Secara harga Sushi Masa memang agak mahal. Tapi ada harga ada rupa, rasa sushinya memang sangat enak, bahan-bahan laut yang digunakan tampak sangat segar. Untuk makan sushi casually saya mungkin prefer sushi Aeon untuk saat ini, tapi Sushi Masa ini bolehlah sekali-sekali untuk selebrasi. Untuk dinner di tempat ini, per tamu perlu merogoh kocek 75 sampai 250 ribu.


Kalau ingin sajian yang lain, di lantai 5 (1 lantai diatas, tidak ada lantai 4 fyi) gedung yang sama ada Shabu Masa dengan berbagai tawaran self grill. Sementara itu ada patisserie di lantai 2 dan toko seafood beku di lantai 1-nya. Kalau ingin berfoto dengan background sunset dan kapal-kapal bisa naik ke rooftopnya. 

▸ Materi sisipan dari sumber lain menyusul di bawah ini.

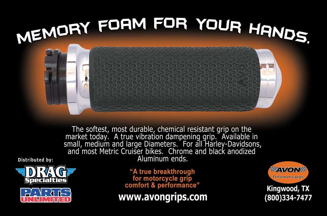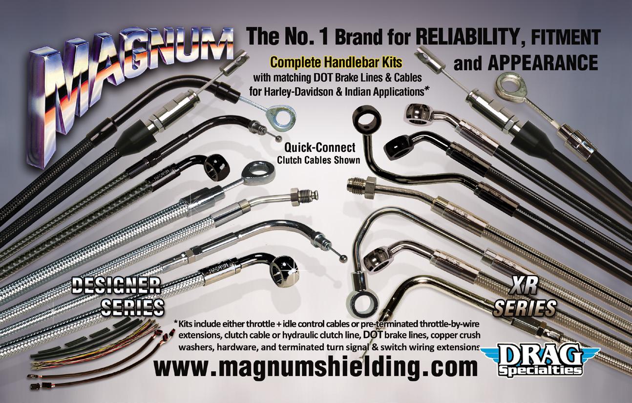 40 Saddlemen » 44 THRASHIN’ Supply Co. » 46 LA Choppers » 48 Todd’s Cycle » 50 Vance & Hines » 52 Biltwell » 54 Ciro » 56 Custom Dynamics » 58 Kodlin USA » 60 Metzeler » 62 Bassani Xhaust » 64 Fat Baggers Inc. » 66 Burly Brand » 68 S&S Cycle » 70 Joker Machine » 71 Trask Performance » 72 Drag Specialties » 73 BDL » 74 RickRak » 75 Feuling » 76 LePera » 77 Nelson-Rigg » 78 EBC » 79 Avon Grips » 80 Cycle Care » 81 Reda » 82 Forceflex » 83 Magnum Shielding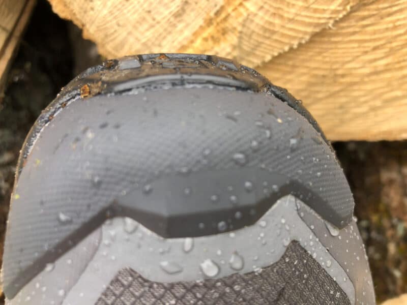 On a aimé la précision de la pose au sol qui est quasi équivalente à celle d’une chaussure de trail running. Le contact est direct, on l’a déjà dit, l’amorti est absent pour une plus grande précision. La rigidité en torsion est bien dosée, elle permet d’évoluer en terrain en dévers avec sureté mais en gardant de la proprioception. Le déroulé est agréable, on sent que c’est plus rigide qu’un modèle de trail mais ça permet de tenir sur de longues sorties techniques éventuellement avec un sac à dos.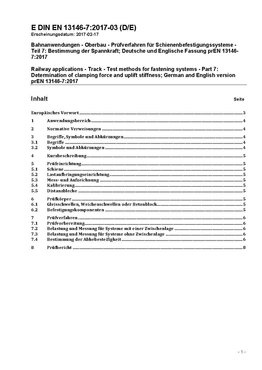 Bahnanwendungen - Oberbau; Prüfverfahren für Befestigungssysteme - Teil 7: Bestimmung der Spannkraft; Deutsche Fassung prEN 13146-7:1998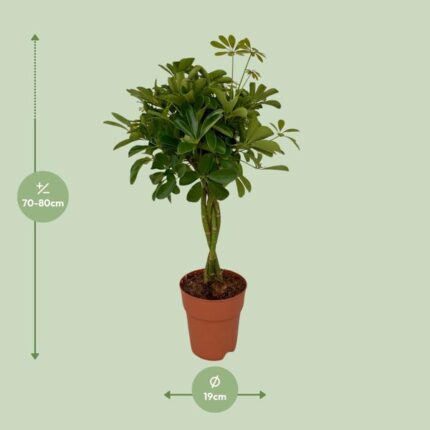 De Schefflera staat bekend om zijn opvallende geveerde bladeren die een prachtig tropisch accent toevoegen aan elke omgeving. Met zijn dichte bladerdek biedt deze plant niet alleen een esthetische waarde, maar kan ook dienen als een uitstekende sfeermaker en ruimteverdeler in huis of op kantoor. Bovendien gedijt de Schefflera goed in verschillende lichtomstandigheden, waardoor het een ideale keuze is voor zowel goed verlichte ruimtes als kamers met minder natuurlijk licht.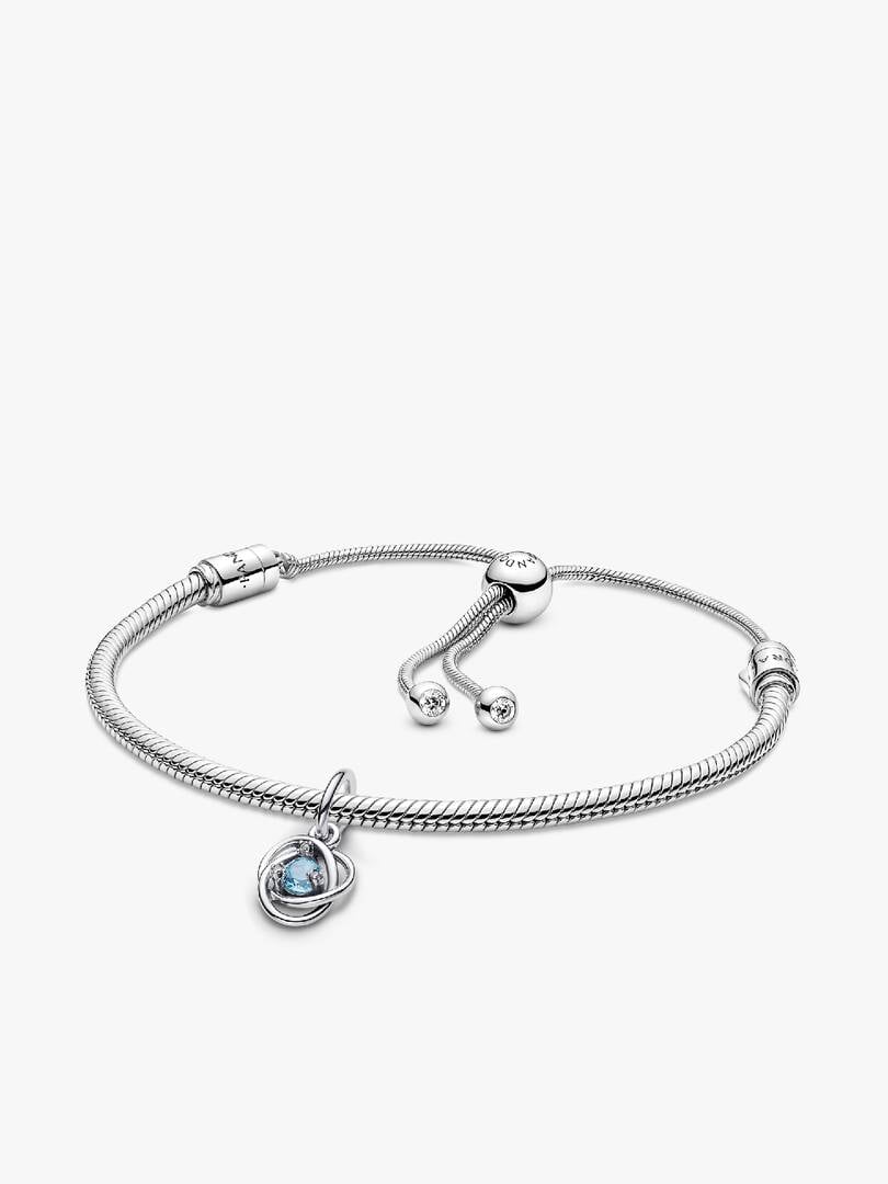 beautiful sea aqua blue man-made crystal at the center. Surrounded by three small cubic zirconia stones on the front and a cut-out heart shape on the back for maximum sparkle. This dazzling dangle charm comes on a matching sterling silver brand Moments Snake Chain Slider Bracelet. Capture the symbolism of a March birthday, milestone or anniversary with this brilliant set. Unconditionally. Infinitely. Be love.

Apakah saya merekomendasikan restoran ini? Ya, cocok untuk selebrasi dengan keluarga atau teman-teman. Kalau Anda tidak berkeberatan spending ratusan ribu per orang boleh saja datang kesini berkali-kali dalam seminggu. Paling enak kesini pakai kendaraan pribadi mobil atau motor (masih ada parkiran motor walaupun kecil). Tapi kalau mau pakai angkutan umum bisa pakai taksi online dari rumah atau naik KRL, TJ, MRT (kalau sudah jadi) sampai kawasan Kota Tua/Jakarta Kota lalu nyambung taksi.

Jika dirasa terlalu niat kalau sampai pucuk utara Jakarta hanya untuk makan sushi, bisa sekalian eksplor spot-spot menarik di sekitarnya. Opsi tempat wisata utama selain komplek Kota Tua adalah Ancol dan PIK. Kalau mau yang lebih adventure bisa masuk-masuk ke kawasan pelabuhan tradisional Muara Angke, Muara Karang, Muara Baru, dan Sunda Kelapa.